While playing Euro Truck Simulator 2, in which he is a truck driver making deliveries:

  • I’m delivering cheese safe and sound according to the law.

  • Why would I not want my side view mirrors on, am I a monster??

  • (Sips beer) I’m drinking on the job.

  • He cut me off! I’m bigger than him! I could have hurt somebody!

  • I got a speeding ticket again! For $200… this job’s costing me more than it’s worth!

  • (Asks Siri): How do I know the speed limit in Euro Truck Simulator 2?

  • I’m making great time!

  • Let’s play it safe, let’s just back that ass straight up.

  • Hey Mr. Tambourine Man, shut the fuck up.

While playing Fortnite:

  • I hit him twice, three times a lady!

  • Oh, I am getting exponentially better at this game!

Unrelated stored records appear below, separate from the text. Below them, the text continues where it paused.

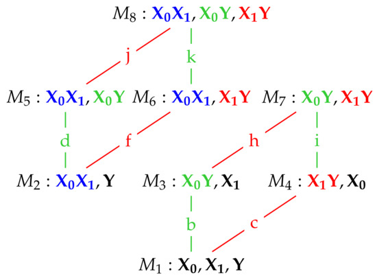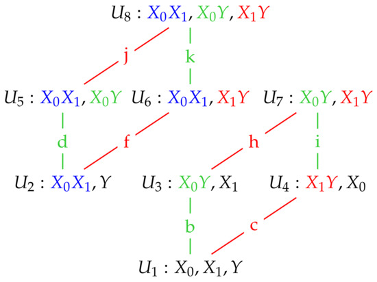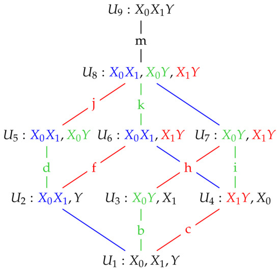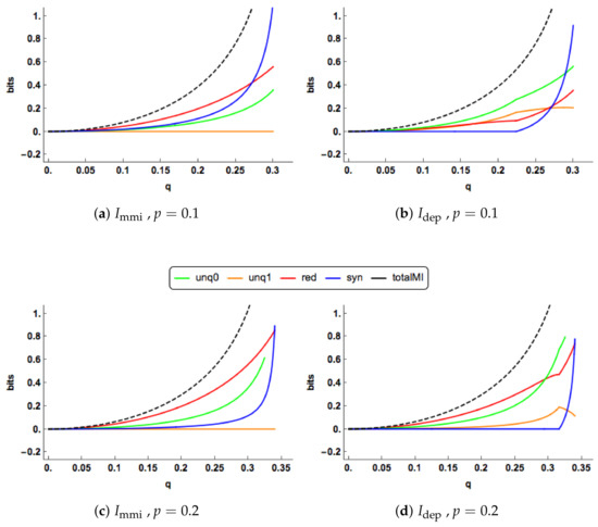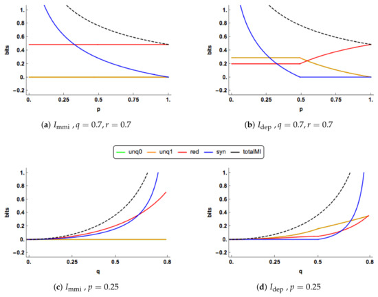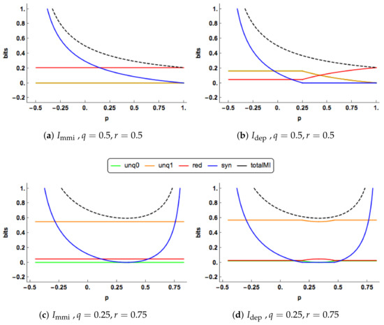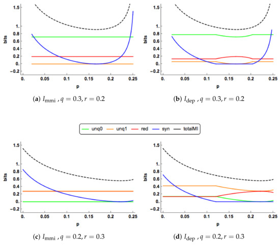 At , the synergy “switches off” in the PID, and stays “off” for larger values of p, and then the unique and redundancy components are free to change. In the range the redundancy increases and takes up all the mutual information when , while the unique informations decrease towards zero. The and profiles show different features in this case. The “regime switching” in the PID is interesting. As mentioned in Proposition 2, the minimum edge value occurs with unq0 = i or k. When unq0 = k the synergy must be equal to zero, whereas when unq0 = i the synergy is positive and the values of the unique informations and the redundancy are constant. Regions of zero synergy in the PID are explored in Figure 5.
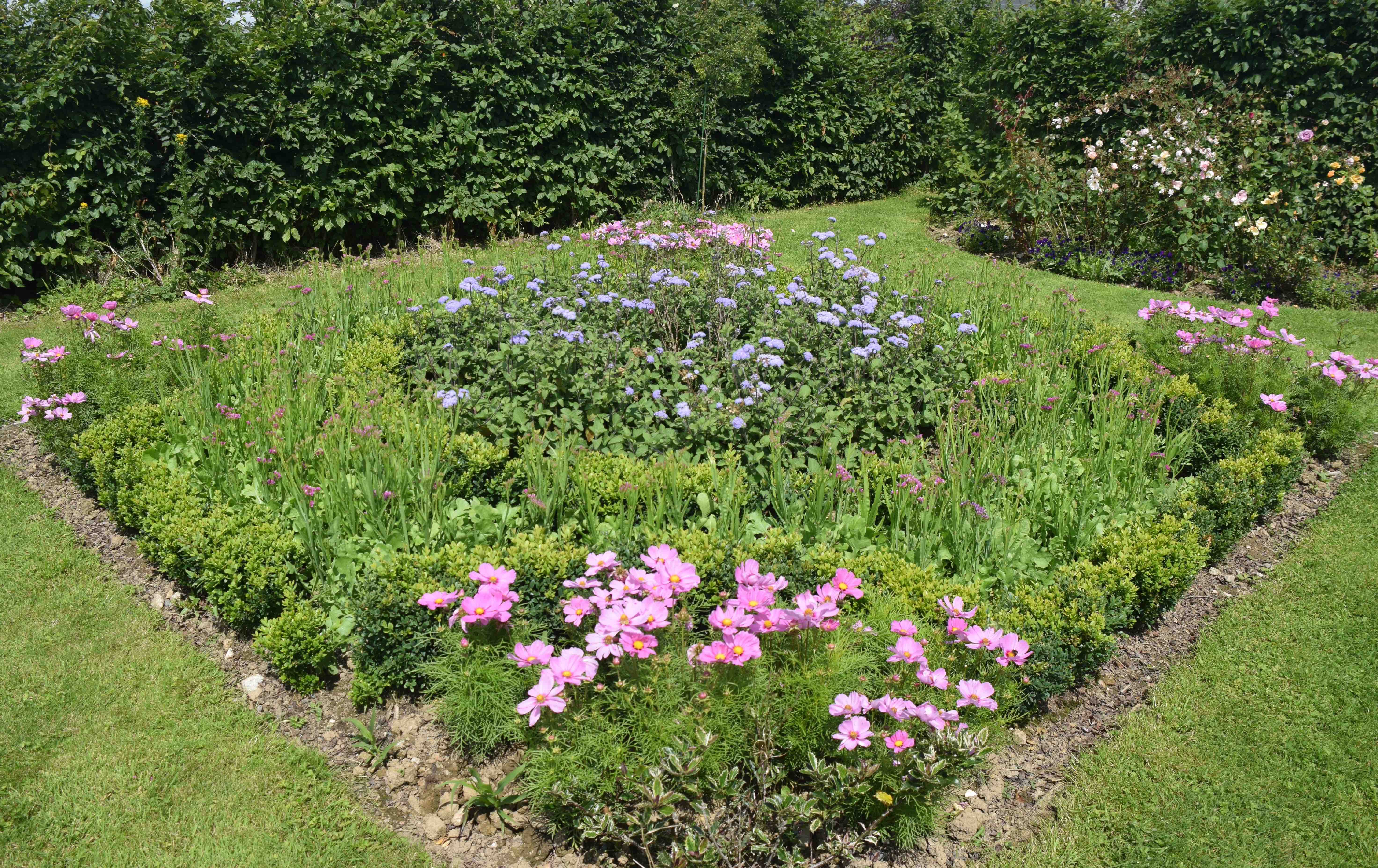 I finally thought I may have cracked the box-edged, formal beds this year with a combination of dwarf cosmos, statice and (perennial) ageratum. I see that some of the statice are not the right (pink) colour but it is slowly coming along and definitely better for the wet weather. I will post another in a few weeks when there is more colour showing.
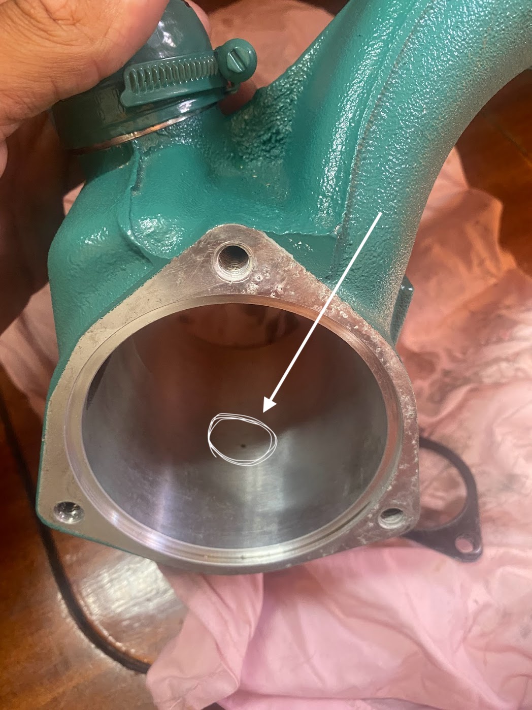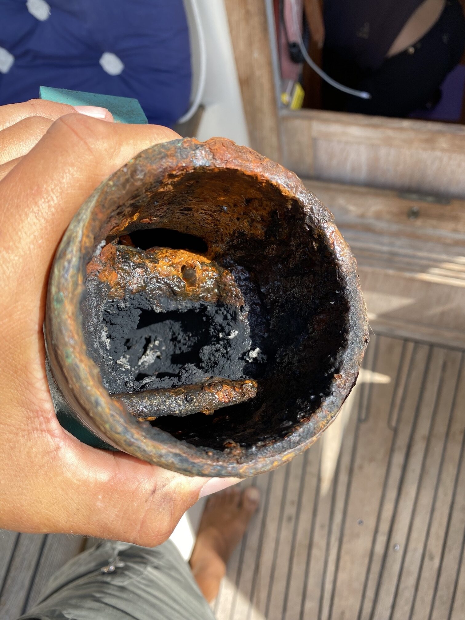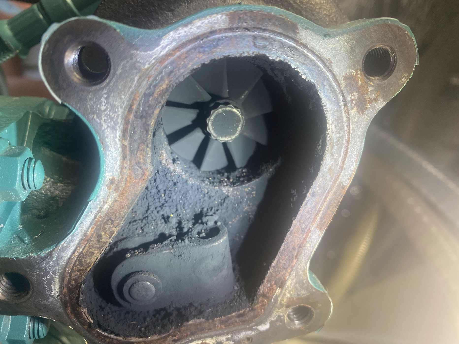 Värre var det med avgasknät, den var igenmurad av koks och elände vilket är ganska vanligt på den här modellen av avgasknä då inloppet till kylvattnet kommer lite för tidigt så att avgaserna kyls ner för effektivt vilket i sin tur skapar lite oreda och service behov. Det finns “kopior” i rostfritt där den som designat knät tänkt till som inte slår igen på något år och att de är rostfria får man på köpet. 🙂
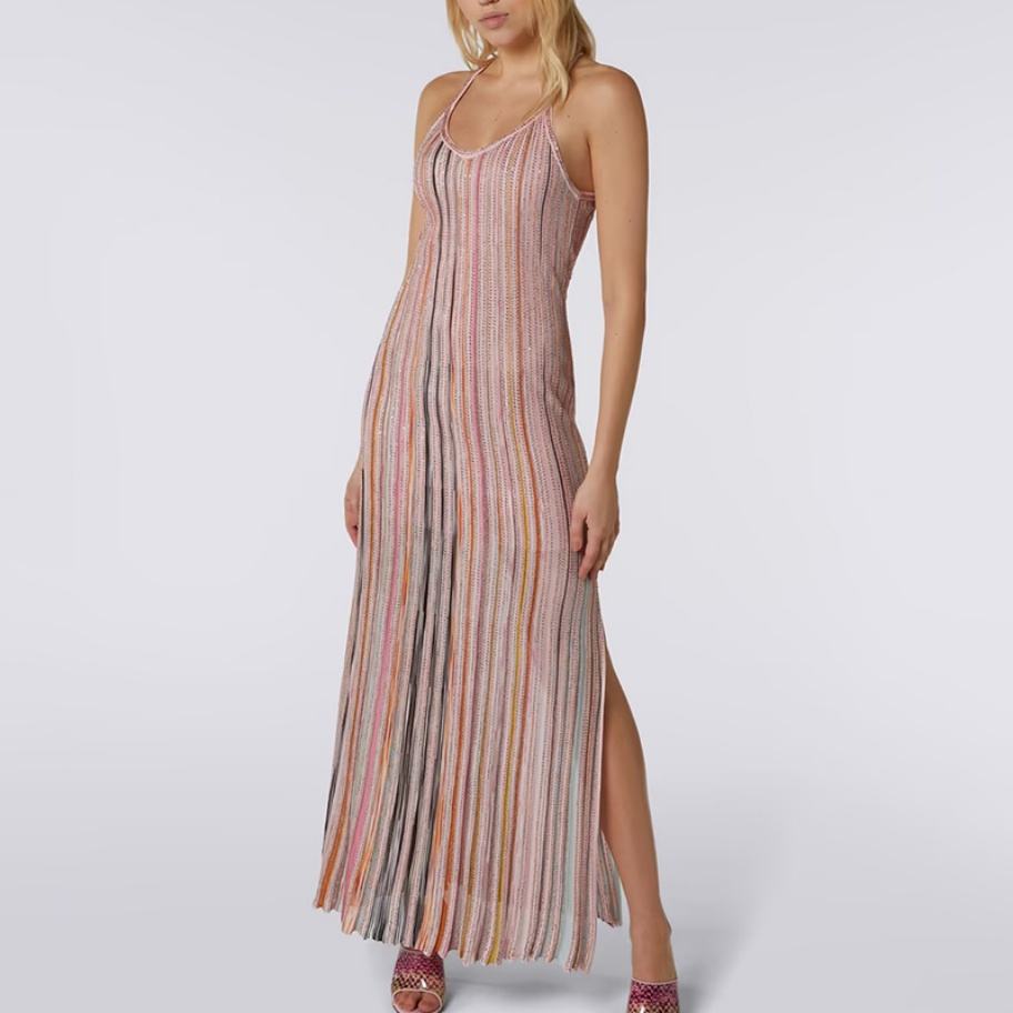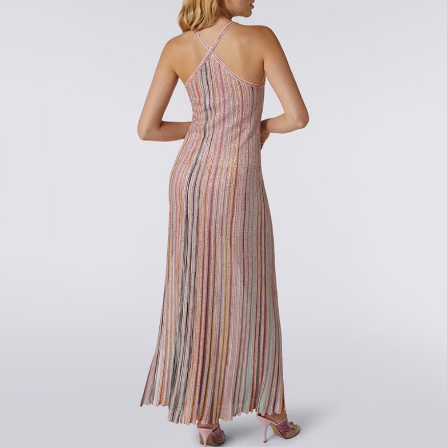Nouvelle robe imprimée rayée pour femme, couleur bonbon, robe en tricot pour femmes
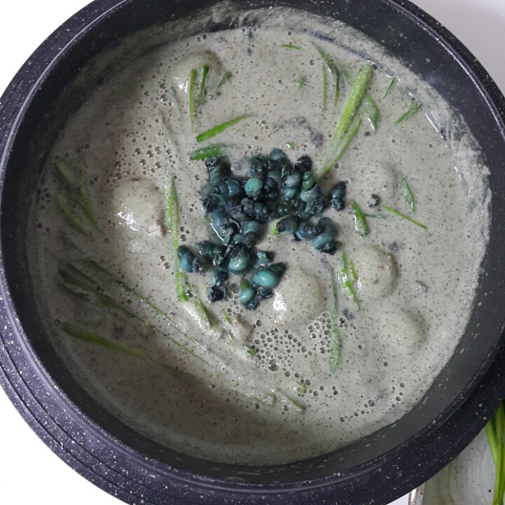 미역국에 들깨풀어 새알 서너개 넣고~
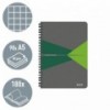 Coperta usoara si rezistenta din carton laminat. Legarea cu spira permite deschiderea la 360 de grade a caietului, iar pliat la jumatate poate fi folosit usor pentru a lua notite in timp ce esti in miscare. Hartie de cea mai buna calitate, opaca si cu suprafata fina, pentru o scriere lina, fara pete. Antet titlu si data, pentru o mai buna organizare a notitelor. Microperforatii pentru o rupere mai usoara. 180 de pagini / 90 de coli de hartie A4 certificata FSC de 80 g/mp.

Don’t play like a dingus is the number one rule.

  • Don’t fuck with me, I’m an astronaut for now, boys… oh this is gonna be bad news.

  • Kate, these guys are jerks!

  • I’ll take that! Or you will, go ahead!

  • So I can kick the soccer ball but I can’t shoot the soccer ball. Are they trying to tell me something?

  • Oh thank you for being so generous, fuckface.

  • I have no ammo, nothin, just jumpin in a dream!

  • I’m ready to fuck shit up space style!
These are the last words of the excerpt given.